I am not saying that carefulness is not taught in Scripture nor is it something that isn’t being passed down from generation to generation, but rather I think that this moral responsibility is an application of a doctrine rather than a doctrine in and of itself. Therefore, Frame is expounding the notion of carefulness from the moral law summarized by the sixth commandment, which expresses the inherent worth and value of human beings made in God’s image. For this reason, I am arguing to modify Frame’s thought from the “doctrine of carefulness” to the “principle of carefulness.”
Carefulness could be considered a subjective term for each individual’s conscience, which is why, in my opinion, it is difficult to defend this concept as a “doctrine” (Frame acknowledges this difficulty on pp. 724-25 in footnote 7). For example, the speed limit in the United States is designed to keep drivers and passengers in all vehicles safe–thus, protecting life. If you and I were debating about how fast to drive on Interstate 5 in Los Angeles, California based on the concept of a doctrine of carefulness, you would think that both of us should say that we should drive at 70 miles per hour–the speed limit. If you have ever driven on certain parts of “The 5” you would know that this could be a dangerous course of action.
Drivers have to make continuous moral judgments on how fast they should drive depending on where they are and what is happening on Interstate 5. You might say that I need to drive 70 miles per hour to keep up with the traffic flow of other drivers so that I am not hit by other cars when driving too slow–“The 5” can be a fast-paced road during non-rush hour times. I might, in return, argue that going 5 miles under the speed limit is safer because coming over a hill or around a curve and seeing traffic backed up will allow you to react in a timely manner, thus preventing any accidents. Do you see how carefulness could be considered a subjective term? Therefore, I think that carefulness must be attached to an objective truth–i.e. the Imago Dei.

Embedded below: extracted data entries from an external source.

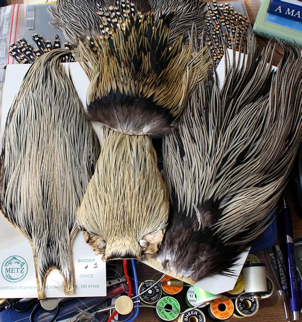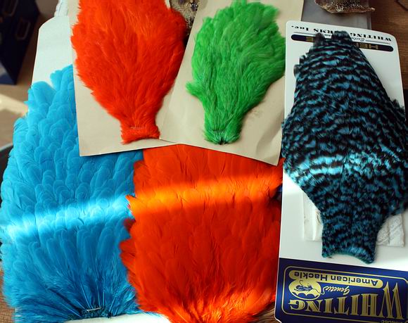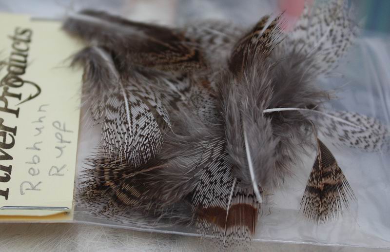| Mit dem Einsatz als Hechelkranz ist die Funktion einer Feder beim Fliegenbinden jedoch bei Weitem nicht abgetan. Ganze Federn, Federsegmente oder einzelne Fiebern aus Federn kommen neben der Hechel auch noch bei vielen weiteren Bindeschritten zur Anwendung: für Schwänzchen, Flügel, Fühler, Schwingen, Körper und vieles mehr! Ob man dabei auf preisintensivere Markenbälge zurückgreift (die es auch noch in verschiedenen Qualitätsgraden gibt), oder auf günstige aus Fernost oder aber seinen Bedarf mit Hilfe von Jägerfreunden oder heimischen Geflügelzüchtern deckt, ist neben der Frage von persönlichem Geschmack und Verfügbarkeit auch an binderische Ansprüche und den zu bindenden Fliegenmustern orientiert. | ![]() |
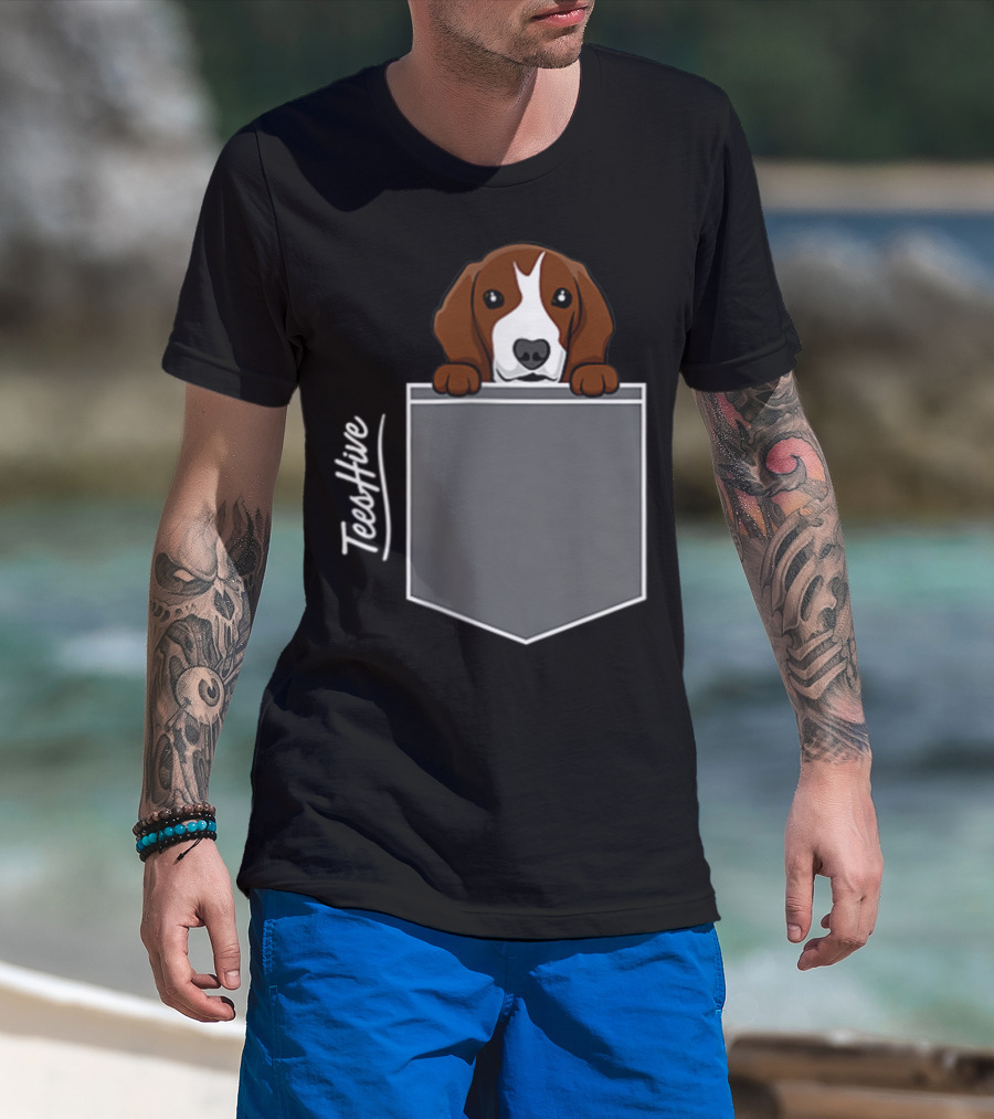 The Beagle Pocket Beagle Dog TeesHive Beagle Mom Funny Beagle Lover T-shirt is designed for everyday wear and a consistent fit. Fabric is pre-shrunk ring-spun cotton with durable stitching. See the size chart below for exact measurements.
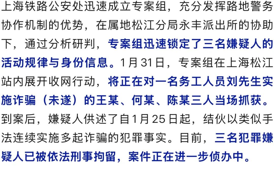 近日,上海铁路公安处成功破获一起在火车站周围以“火车停运”“车辆损坏”为幌子、专门针对返乡务工人员实施诈骗的案件,抓获犯罪嫌疑人3名,初步查证涉案金额达1万余元。
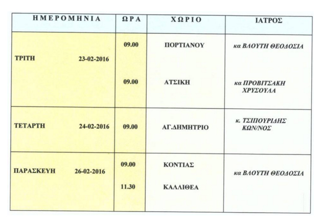 Το πρόγραμμα επισκέψεων ιατρών στα χωριά της Λήμνου από 22 έως 26 Φεβρουαρίου
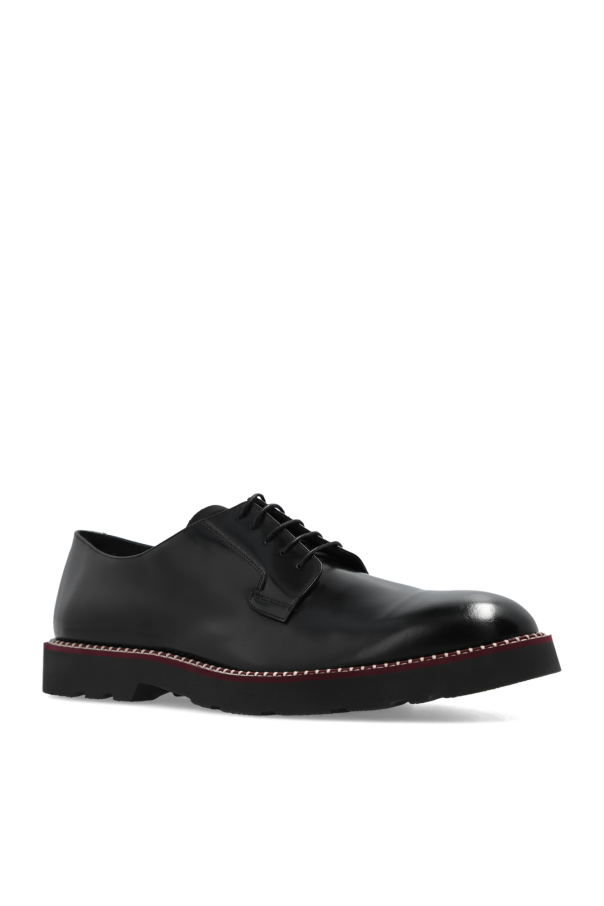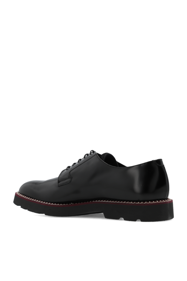 Black ‘Ras’ shoes from Paul Smith. Made from smooth leather, this lace-up model sits on a black and maroon rubber sole accentuated with white stitching details and features a tactile logo on the tongue. Swappable laces included.
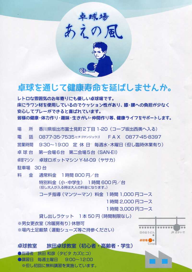 練習場所名 卓球場 「あえの風」 あえの風について詳しく知りたいクリック
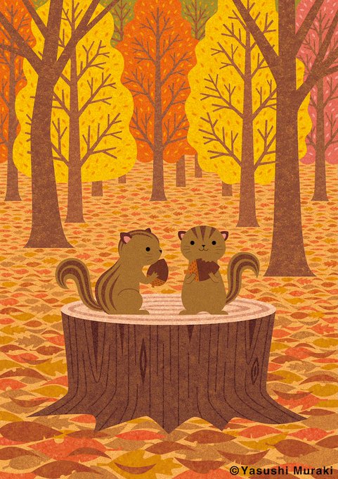 こんにちは!🌈👀 前歯うさぎさんです🐰🥕 【秋色が深まってきた!🍁 ~こりゃ自然の芸術品だね~】 #イラスト #前歯うさぎ #イラスト好きさんとつながりたい #絵描きさんと繋がりたい #絵柄が好みって人にフォローされたい #illustration #art #design #紅葉 #もみじ #葉っぱ #秋色 #芸術の秋
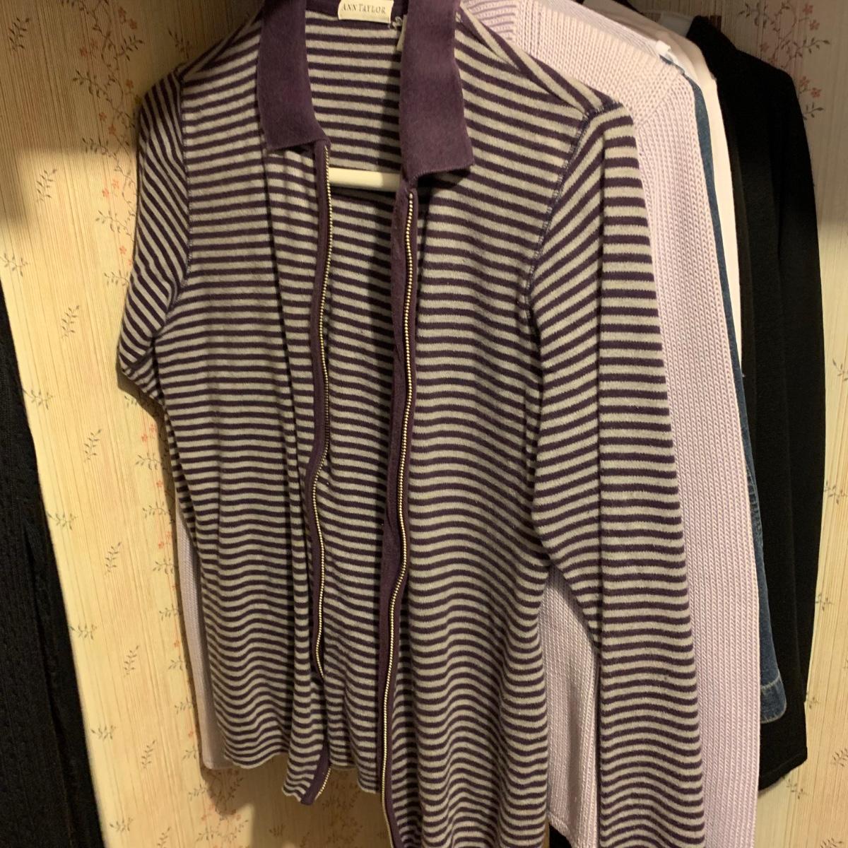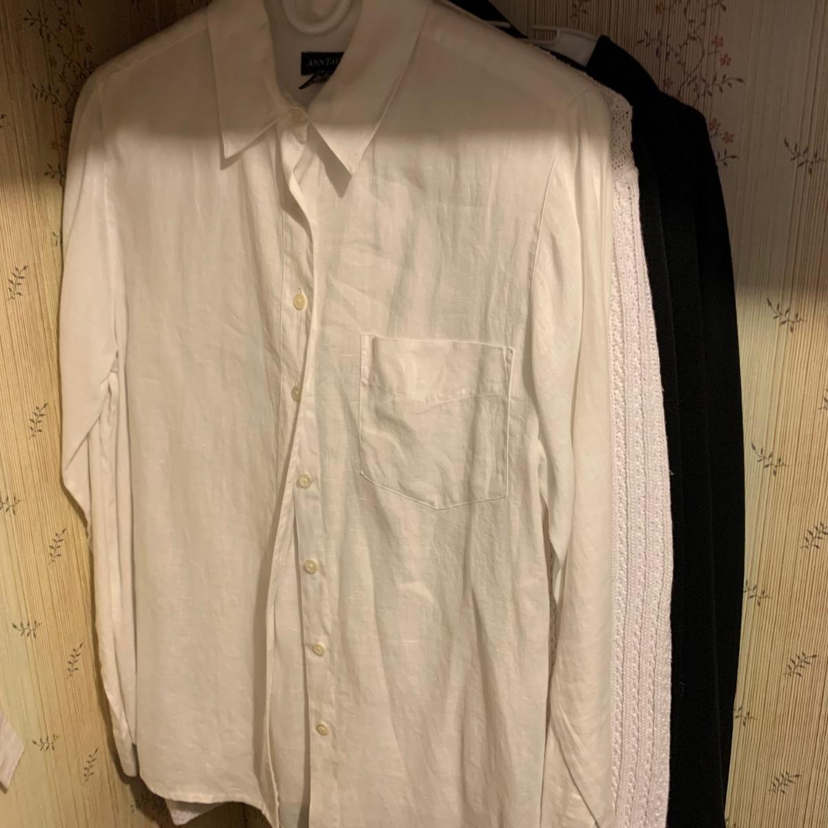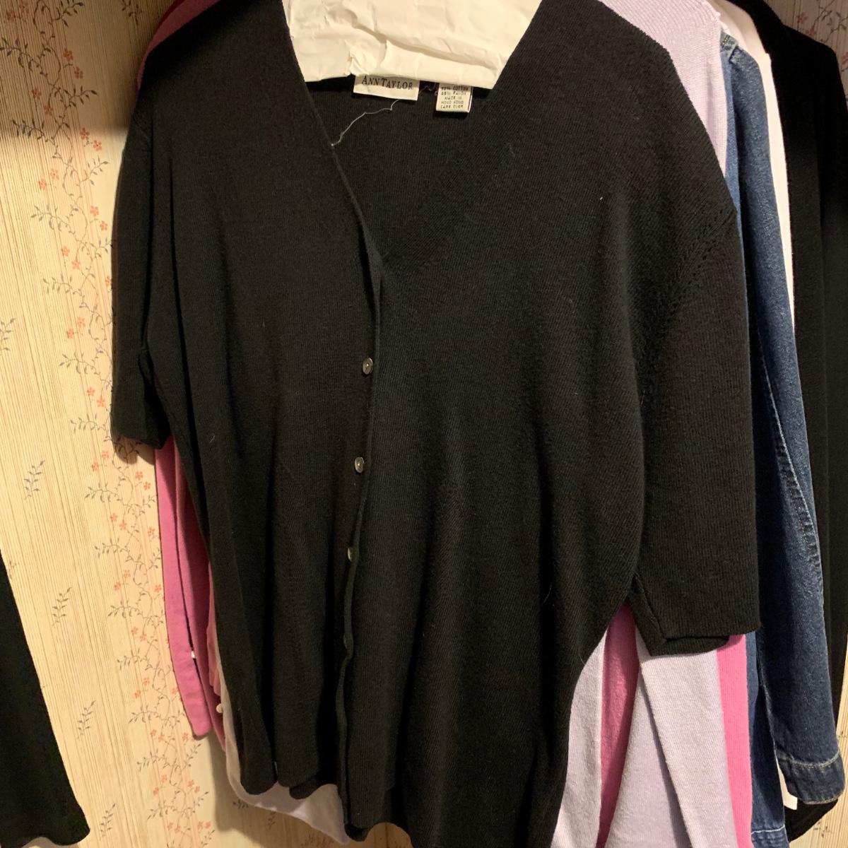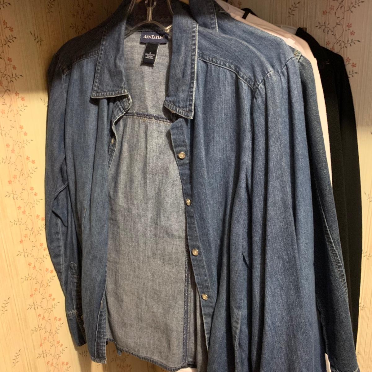 More than 40 Ann Taylor tops. Most long sleeved, a few short sleeved or sleeveless. Some 100% Italian Merino wool sweaters. Some 100% silk. Some 100% linen. Some 100% cotton. Some denim shirts. A few shirt/sweater sets. A handful of white and black cotton knit tops. One velvet button down. And more! See photos for the entire collection. Nearly everything is in excellent condition. A small stain is seen on one of the white cotton tops and a small hole was found on the sleeve one of the merino wool sweaters (see pictures). Local pickup only.

With this in mind, I prefer to designate the term “principle of carefulness” as the more appropriate phrase for believers. The applications of carefulness will vary (principle), but the respect for human life does not (doctrine). Go back to my example of our argument about driving on “The 5.” You and I are arguing different applications of the principle of carefulness, but we are making our cases with the same doctrine in view, all life is sacred because all people are made in God’s image. To put it another way, the principles that we arguing for are dependent upon the same doctrine we both believe in– i.e. the Imago Dei.
The Principle of Carefulness Concluded
To conclude, I agree with Frame that the Bible teaches Christians should uphold to such a high view of human beings made in God’s image so that we are constantly encouraged to “be very careful to guard against the possible destruction of human life” (DCL, 724, emphasis original). I think the phrase “principle of carefulness” exists as a better alternative to Frame’s use of “doctrine of carefulness” by recognizing the various applications that could be practiced by believers holding to an inviolability of life ethic. While the biblical warrant for Christians to favor life in all situations remains biblically justified, the principle can be applied differently depending upon the conditions. I am not arguing a situational ethic, I am holding to the biblical truth of the Imago Dei as the foundational doctrine for the principle of carefulness.